§ ACTIVITY: Your copy should hold the lines below from the first through the one that contains "中国第一夫人彭丽媛(左二)和", each retyped exactly, and no pictures.
Top of SUPPLIED DATA
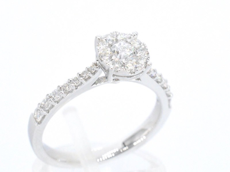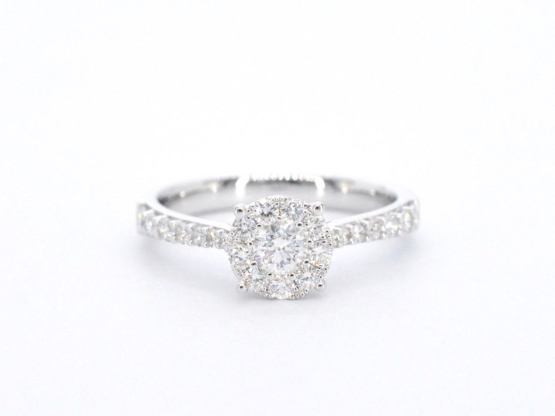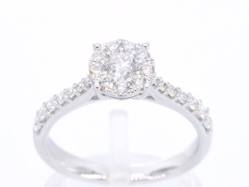 Product: Witgouden entourage ring met briljant geslepen diamanten Specificaties: Diamant: Natuurlijk Slijpvorm: Briljant geslepen Gewicht (carat): 0.75 carat Kleur: F-G Zuiverheid: VS Slijpkwaliteit: Zeer mooi Juweel: Ring Gewicht: 3 gram Ringmaat (op maat gemaakt*): 53 (17 mm) Materiaal: 18K goud (750) Conditie: Nieuw Verpakking: Luxe sieradendoos Toelichting: De kwaliteit is overgenomen van het rapport behorend bij item. De waardebepaling is een beoordeling van een gecertificeerde diamantair, gebaseerd op consumentenprijzen. Consumentenprijs: € 5.985,- *Ringen kunnen als het mogelijk is op maat gemaakt worden.
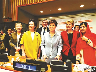 中国第一夫人彭丽媛(左二)和秘书长夫人柳淳泽、韩国总统朴槿惠、教科文组织总干事博科娃以及英雄少女马拉拉等出席“教育第一”高级别会并发言供图/联合国官方微博
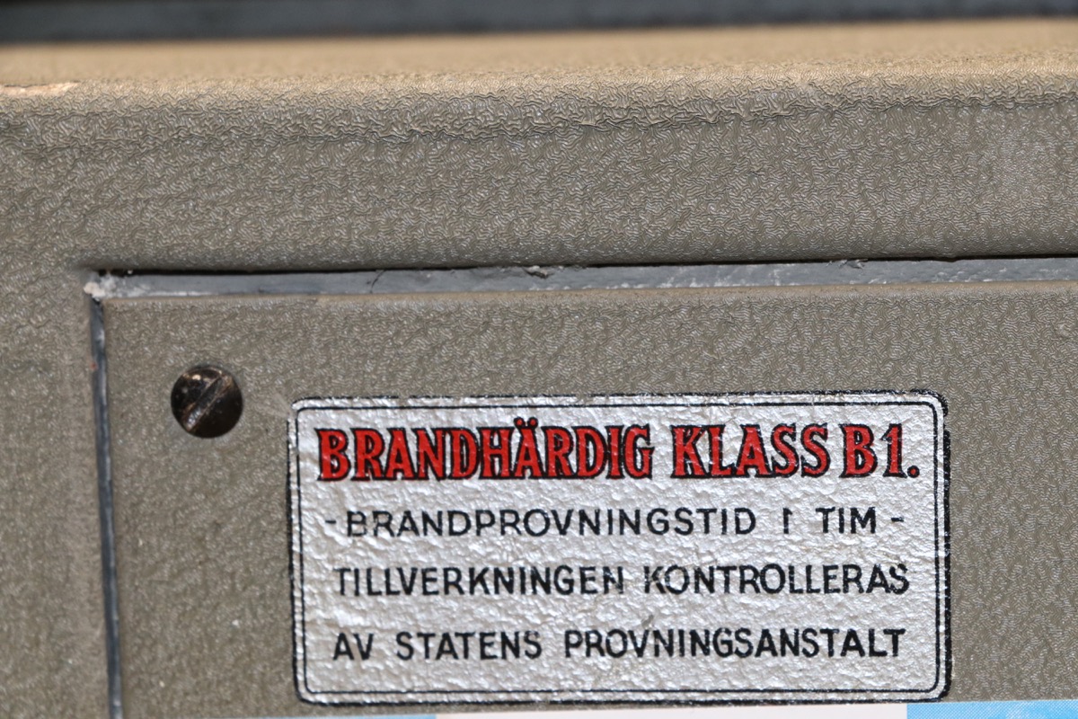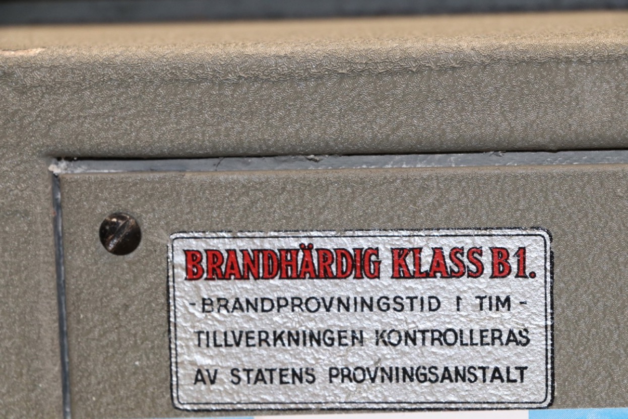 Brand säkert värdeskåp -brandklass 60 minuter -höjd 95 -bredd 55 x 54 cm - lås på lilla luckan insida saknas. Lagerort Lindesberg -lyft hjälp erhålles - avhämtning efter ök kontaktuppgifter kommer på mail efter betalning.
Bottom of SUPPLIED DATA
§ WRITTEN ANSWER:
 Product: Witgouden entourage ring met briljant geslepen diamanten Specificaties: Diamant: Natuurlijk Slijpvorm: Briljant geslepen Gewicht (carat): 0.75 carat Kleur: F-G Zuiverheid: VS Slijpkwaliteit: Zeer mooi Juweel: Ring Gewicht: 3 gram Ringmaat (op maat gemaakt*): 53 (17 mm) Materiaal: 18K goud (750) Conditie: Nieuw Verpakking: Luxe sieradendoos Toelichting: De kwaliteit is overgenomen van het rapport behorend bij item. De waardebepaling is een beoordeling van een gecertificeerde diamantair, gebaseerd op consumentenprijzen. Consumentenprijs: € 5.985,- *Ringen kunnen als het mogelijk is op maat gemaakt worden.
 中国第一夫人彭丽媛(左二)和秘书长夫人柳淳泽、韩国总统朴槿惠、教科文组织总干事博科娃以及英雄少女马拉拉等出席“教育第一”高级别会并发言供图/联合国官方微博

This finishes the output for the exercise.